● Problem:
Copy the data exactly. Images are to be left out.

Segment Start: Data extract

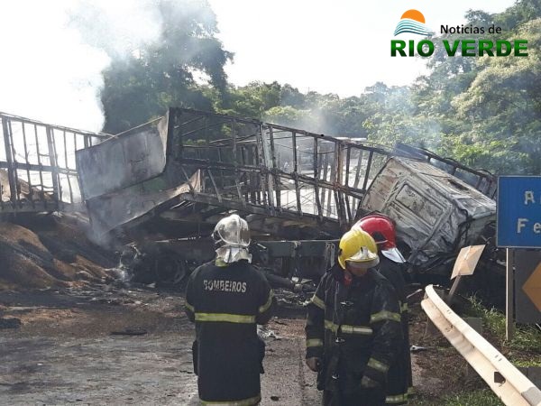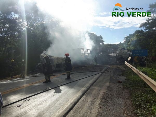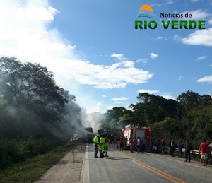 A rioverdense Beatriz Rodrigues e suas duas filhinhas, Alekia Rodrigues de Carvalho e Maria Eduarda, morreram carbonizadas depois que duas carretas bateram de frente e pegaram fogo no km 474 da BR-364, na região do município de Jangada, a 82 km de Cuiabá, na tarde deste sábado (18). As três vítimas estavam num veículo carregado com soja, cujo condutor Sinval, também ficou gravemente ferido e foi levado para o Pronto-Socorro de Cuiabá.
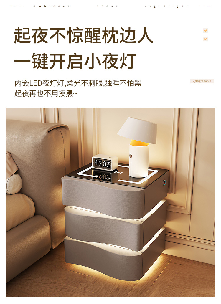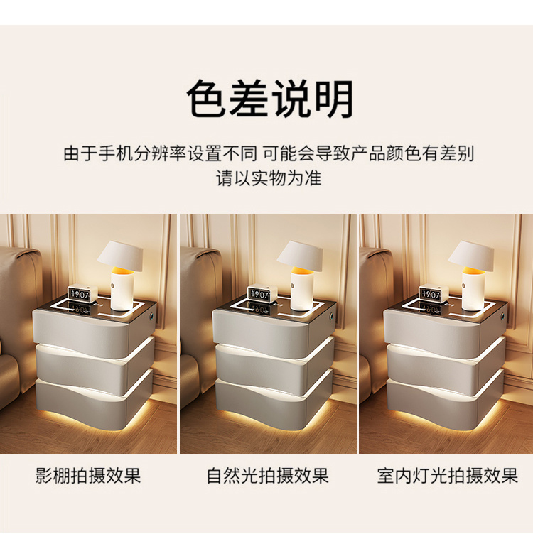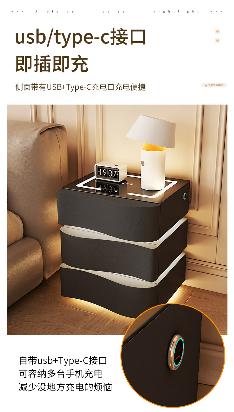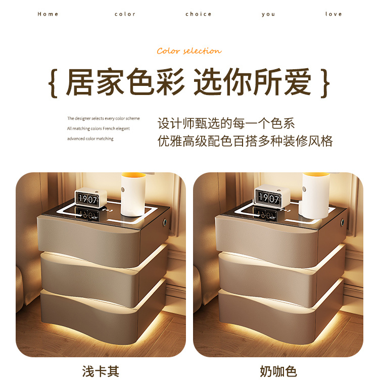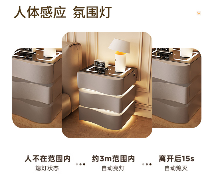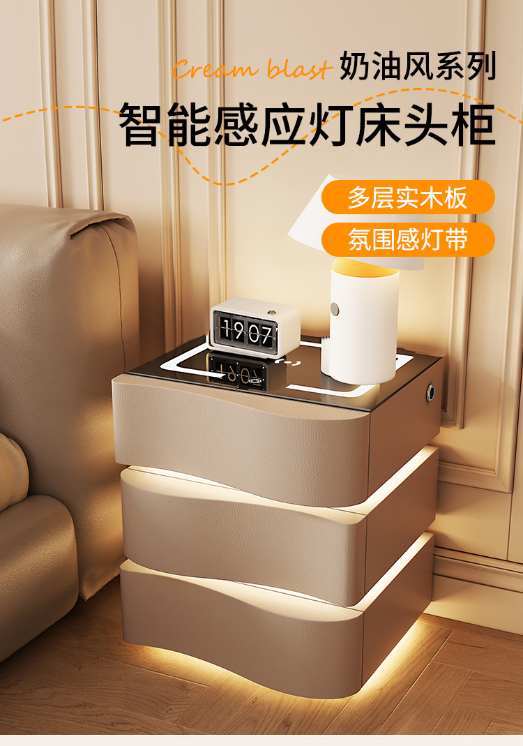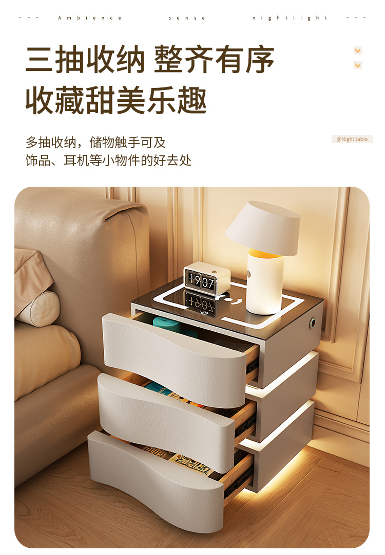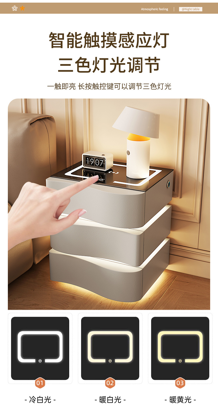 三抽智能床头柜创意家用简约现代多功能卧室带感应灯高级感床边柜
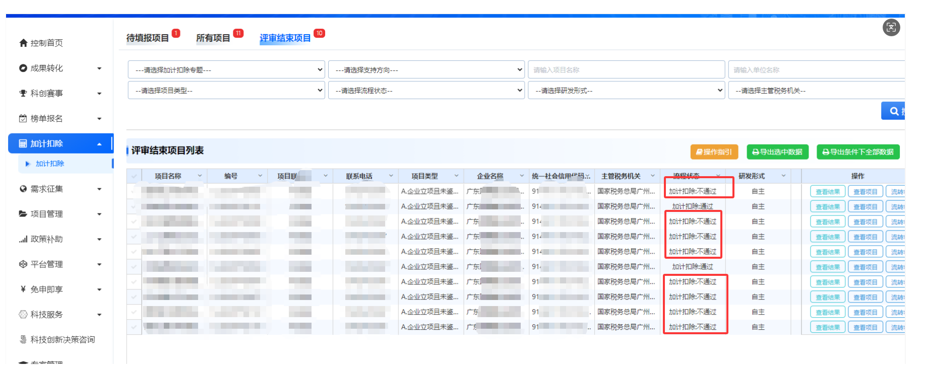 加計(jì)扣除立項(xiàng)抽查鑒定不通過(guò)的企業(yè)

Segment End: Data extract

● Written response:
 A rioverdense Beatriz Rodrigues e suas duas filhinhas, Alekia Rodrigues de Carvalho e Maria Eduarda, morreram carbonizadas depois que duas carretas bateram de frente e pegaram fogo no km 474 da BR-364, na região do município de Jangada, a 82 km de Cuiabá, na tarde deste sábado (18). As três vítimas estavam num veículo carregado com soja, cujo condutor Sinval, também ficou gravemente ferido e foi levado para o Pronto-Socorro de Cuiabá.
 三抽智能床头柜创意家用简约现代多功能卧室带感应灯高级感床边柜
 加計(jì)扣除立項(xiàng)抽查鑒定不通過(guò)的企業(yè)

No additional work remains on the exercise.